Architectural features (plan and elevation)
The temple stands on a high pista decorated with three mouldings measuring 50.80 m in length x 5.75 m in width with 0.92 m in height.

On plan, the temple is pancharatha with a square vimana and a frontal porch towards east. The vimana measures 4.65 square metres and porch 0.15 m width.

On elevation, temple is in rekha order with usual bada, gandi and mastaka measuring 10.00 m from pabhaga to mastaka. The bada of the temple measures 2.85 m in height with threefold division of trianga bada. Pabhaga has five mouldings measuring 0.70 m, plain jangha measuring 1.65 m and the baranda with five moulding measured 0.50 m in height.

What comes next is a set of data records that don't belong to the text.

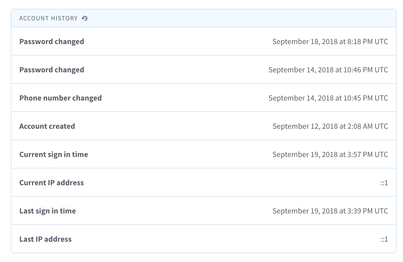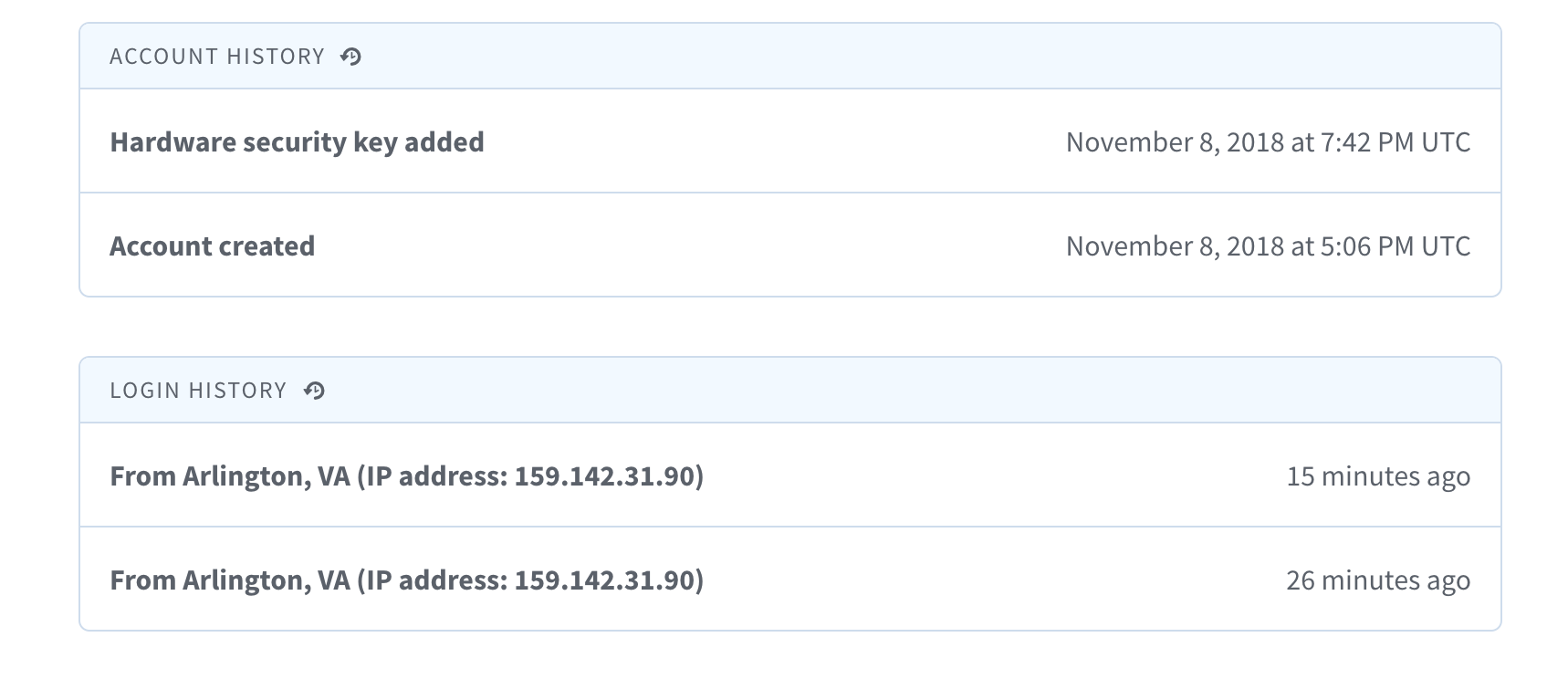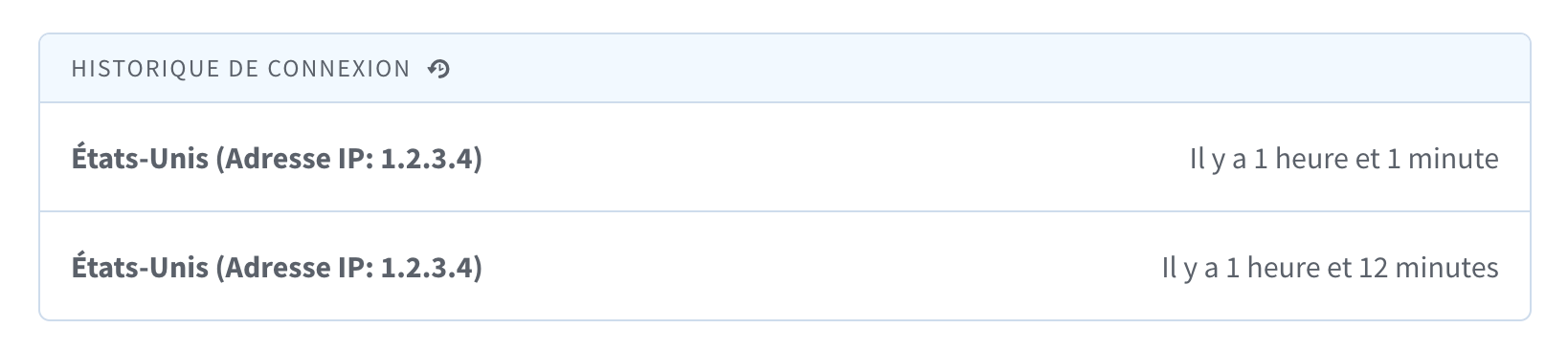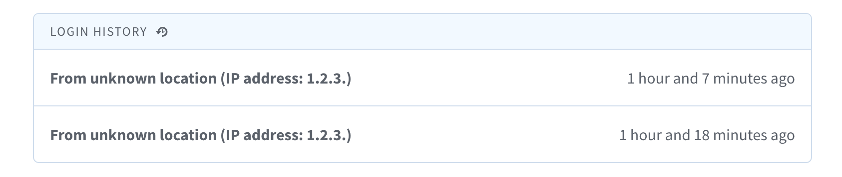 @donjo Here is an updated screenshot: I created a new Login History section that can be sorted independently of the other account events. Currently, we don't record the user agent in the DB when the user signs in, so for now, we only show IP and location. In a future PR, I will introduce a new table that will capture user agent, IP and timestamp for each login. Here is the Spanish version: I dropped the preposition for French because it's not always "de" depending on the location. If either city or state are missing, we only show the country. If no location is available, we show "unknown location": Thoughts? |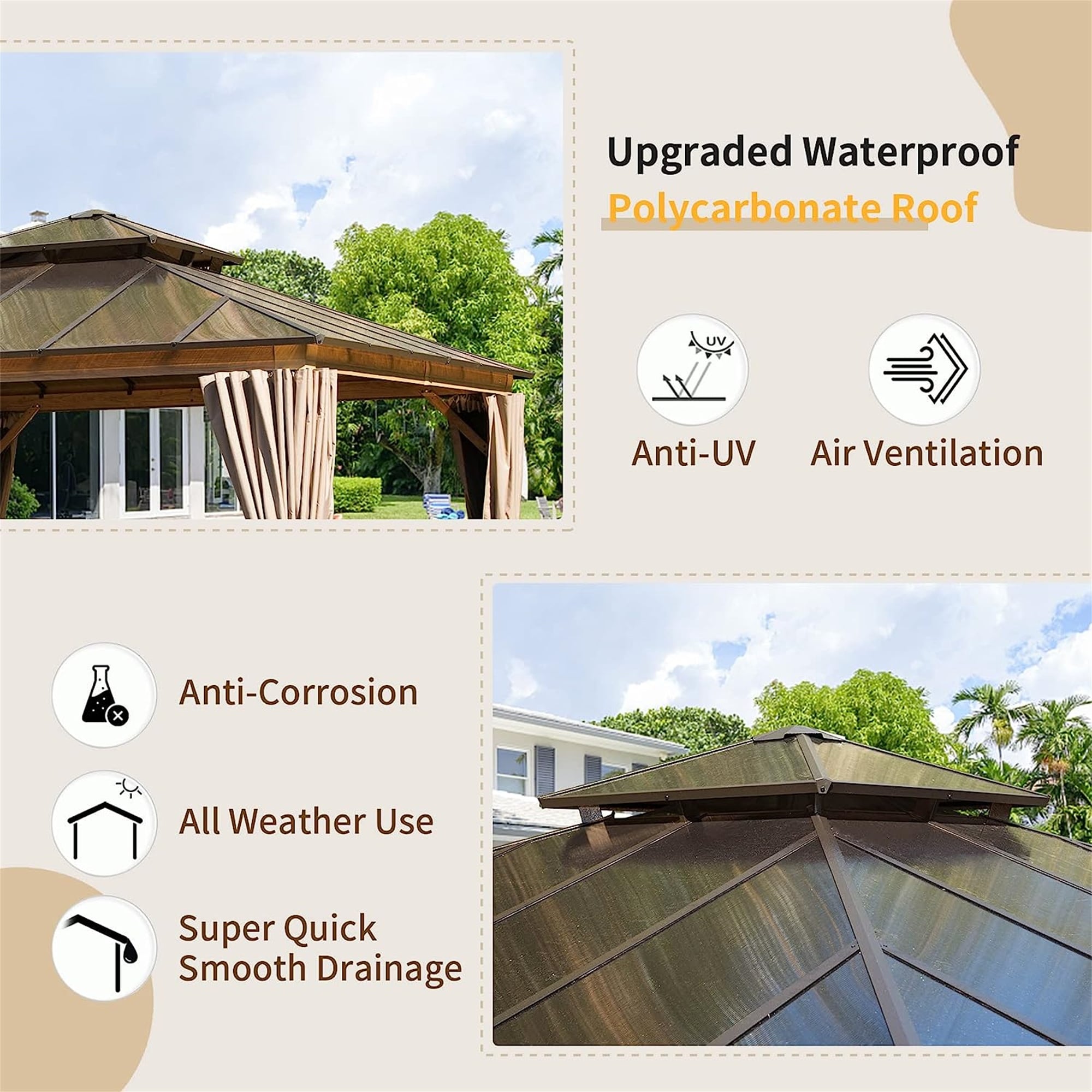10x10 Ft Outdoor Patio Gazebo Replacement Canopy (Base Not Included)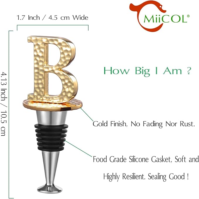 • Fashionable and Practical - The MiiCol wine stopper features a stylish design with personalized initials, adding a pop of color to any table setting. Its distinctive lettering helps identify different wines or owners, making it an ideal gift for special occasions.

The gandi measures 5.10 m and is plain and devoid of ornamentation except at the base which is decorated with chaitya designs.

Raha niche and parsva devatas
The parsvadevata niches on the raha paga of the jangha on the three sides of north, west and south direction measure 0.75 m
in height x 0.45 m in width and 0.29 m in depth. They are empty and devoid of ornamentation.

Decorative features
Doorjambs: The doorjambs are recent additions installed during the renovation work and are without any carving.
Lintel: The lintel is a renovated one.

The building material used for the construction is light grey sandstone, and the construction technique is dry masonry.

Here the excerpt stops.